Чтоб вечно Княжнина не увядала слава.

Бесспорно, что его «Вадим»

Был духом дерзости не вовремя водим,

Притом и строго был судим, —

Всё с жалостью его театр наш помнить будет;

Парнас его стихов вовеки не забудет.

Княжнин — наш Кребильон,

Хотя и подражал италианцам он.

Не исчисляя всех писцов красноречивых

И переводчиков у нас трудолюбивых,

Хотя и менее известных и счастливых,

Которые в Руси, в недолги времена,

Обогатили наш язык и письмена,

Мне сладко произнесть иных здесь имена:

Они иль в юности меня их дружбой чтили,

Иль в детстве свой язык и муз любить учили;

Приятно их труды на память приводить:

О современниках приятно говорить.

Мы вспомним здесь с тобой, любезная Привета,

Не Виланда и не Боннета,

Со всем почтеньем нашим к ним,

Священнее для нас французов всех и немцев

Любезны имена своих единоземцев.

Почтеннее владеть сокровищем своим.

Но про Татищева, Щербатова, Хилкова,

Про Голикова тож,

Не станем говорить ни слова:

Итак, Привета, нас давно марает ложь;

И то смеются нам, что мы с тобой читаем

Славенскую всю дрянь и плеснь,

Которую притом и худо понимаем;

Что Нестор с Никоном и Игорева песнь

Для нас забавнее «Заиры» и «Альзиры».

Такие за любовь к отечеству сатиры

Пусть делают тебе и честь,

Однако от друзей всегда их больно снесть…

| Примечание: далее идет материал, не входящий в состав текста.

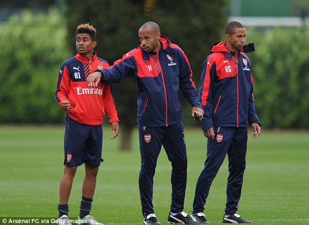 Henry tengah memberikan pengarahan pada pemain Arsenal U-19, Riess Nelson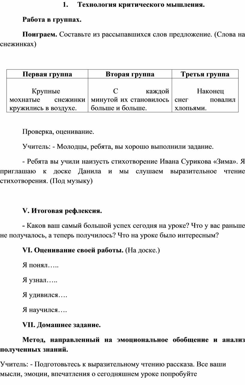 V. Итоговая рефлексия.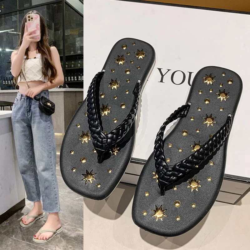 Женские шлепанцы с рисунком, повседневные сандалии на плоской подошве, удобные тапочки для улицы, летняя обувь

В отмщенье вспомним мы еще кого ни есть.

Кто старый русский слог, простой и ясный, знает,

Который без чужих прикрас был с первых числ,

Кто любит русский здравый смысл,

Наш Крашенинников того увеселяет,

Волчков нам много книг полезных перевел,

Хоть к красноречию он дара не имел.

Обязаны его мы первого раченью

Изданьем Словаря, трудов ко облегченью.

Прекрасно перевел Тюрпина нам Козмин.

Не гладко, а с умом писал всегда Лукин;

И, ежели судить не строго,

В комедиях его и остроты есть много.

Без вкуса, но богат был мыслями Эмин.

Кутузов оживлял свой слог своей душею;

Довольно уж письма Клеонина к Цинею,

Чтоб переводчика нас трогал слог его,

Как слог и Ду́ша самого.

Олсуфьев вкусом был наполнен тонким, нежным

Для прозы и стихов;

Как жаль таких даров,

Что не был он притом писателем прилежным!

Ученость, ум и вкус сливал в письме Теплов.

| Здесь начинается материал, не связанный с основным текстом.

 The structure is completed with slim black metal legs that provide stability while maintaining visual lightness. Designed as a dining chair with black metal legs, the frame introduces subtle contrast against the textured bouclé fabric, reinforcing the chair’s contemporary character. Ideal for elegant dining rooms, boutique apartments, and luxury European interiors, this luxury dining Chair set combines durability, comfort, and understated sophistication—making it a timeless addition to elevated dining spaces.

С приятностью писал стихи один Попов;

Другой переложил из Тассовых стихов

Нам Иерусалим его освобожденный,

Но жаль, что прелестей поэзии лишенный.

Разборчив и в стихах и в прозе Свистунов.

Есть песенка одна между его стихами,

Где грации писали сами[319].

Аблесимов с большим успехом часто пел.

Козицкий знанием в словесности блестел

И греческого был язы́ка страстный чтитель.

Мотонис был ему ревнитель

И Храповицкий, муз любитель.

В трудах их также есть приметные черты,

Которые давно, Привета, знаешь ты.

У Адодурова слог ясен, чист и плавен.

Глубоким знанием языка Нартов славен.

Он Плиниево нам витийство показал,

С каким сей римлянин Траяна прославлял.

За опытность его, ученость и словесность,

За многие труды, за строгу нравов честность,

За добродетели, заслуги Аполлон

Препоручил ему в России Геликон.

Представил Глебов нам в чертах Плутарха русских;

Жаль только, что он их со списков снял французских.

Ревнитель Эйлеров и Урани́и друг,

Ко умножению и славы и заслуг,

К высоким знаниям прибавил то Румовской,

Что, бывши астроном,

Любил словесность он, умел владеть пером.

Ученость с нею слил равно Озерецковской.

Лепехина ученые труды

Украшены словесности цветами;

Везде ее блестят у нас плоды,

Но смотрим мы холодными глазами.

Подобно сопрягать умел ее Чертков

С строением, взятьем, защитой городов[320].

Словесностью дышал с ним вместе Пастухов.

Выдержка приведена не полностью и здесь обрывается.